Information shown
=======

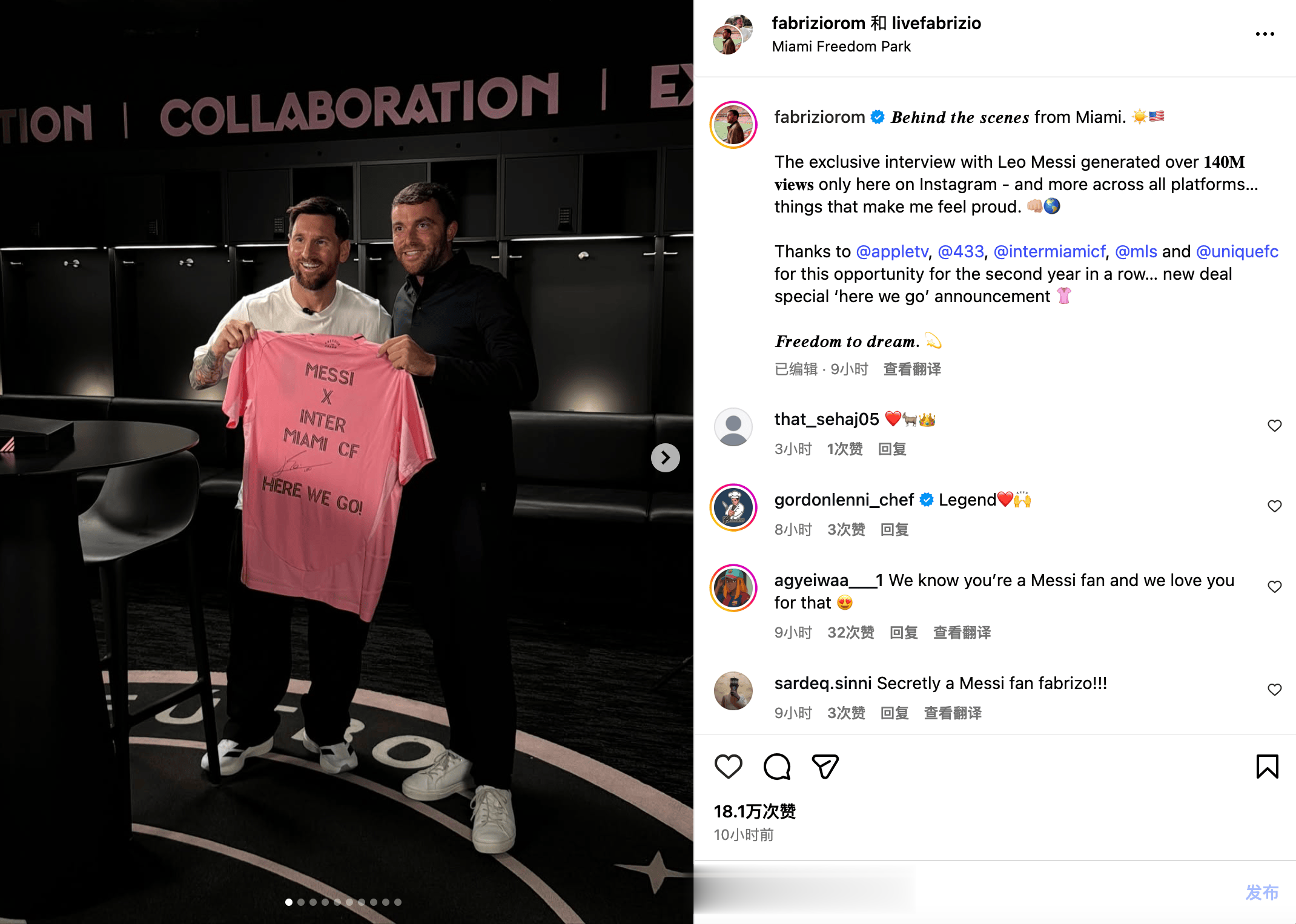 虎扑11月21日讯近日,知名转会记者罗马诺在社交平台发文,回顾自己在迈阿密对梅西的独家专访。他透露,这期采访相关内容仅在Instagram上的播放量就超过1.4亿次。
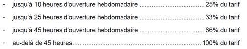 235.08 € TTC (118.06 en Sacem et 117.02 en Spré) par an , abattement en Sacem possible selon les heures d’ouverture hebdomadaire :
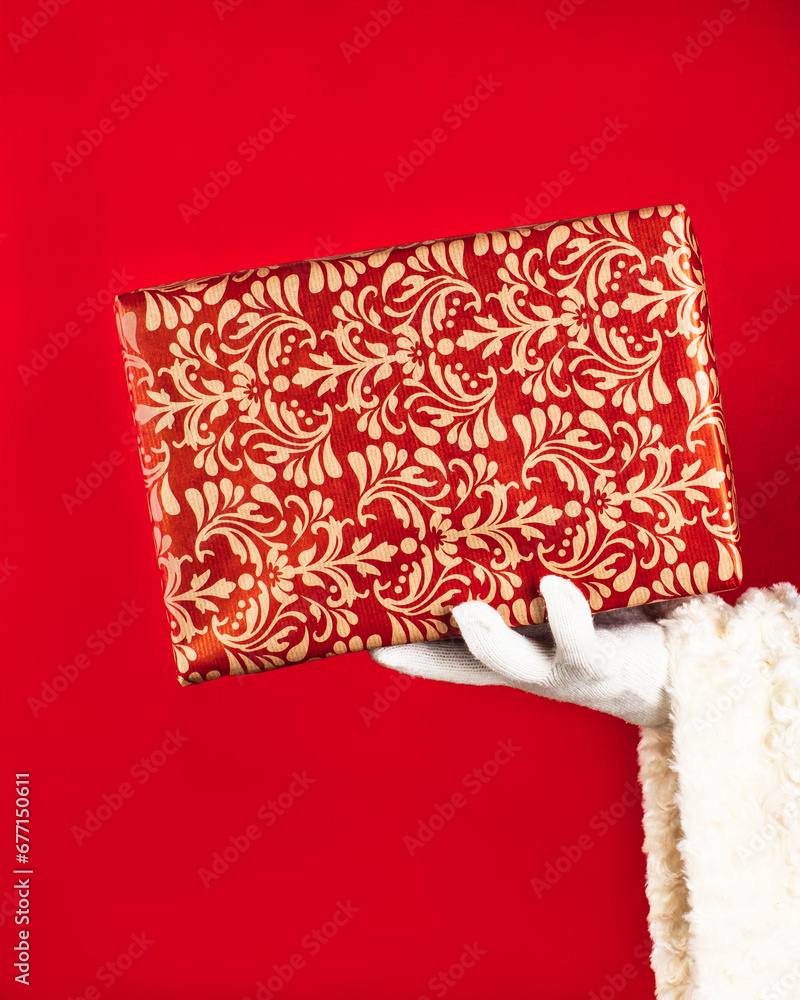 Santa Claus holds a paper box with gift in his hand on a red background with copy space. Giving a gift concept.

=======

Set out the material once more, exact in every line, with no images.

 虎扑11月21日讯近日,知名转会记者罗马诺在社交平台发文,回顾自己在迈阿密对梅西的独家专访。他透露,这期采访相关内容仅在Instagram上的播放量就超过1.4亿次。
 235.08 € TTC (118.06 en Sacem et 117.02 en Spré) par an , abattement en Sacem possible selon les heures d’ouverture hebdomadaire :
 Santa Claus holds a paper box with gift in his hand on a red background with copy space. Giving a gift concept.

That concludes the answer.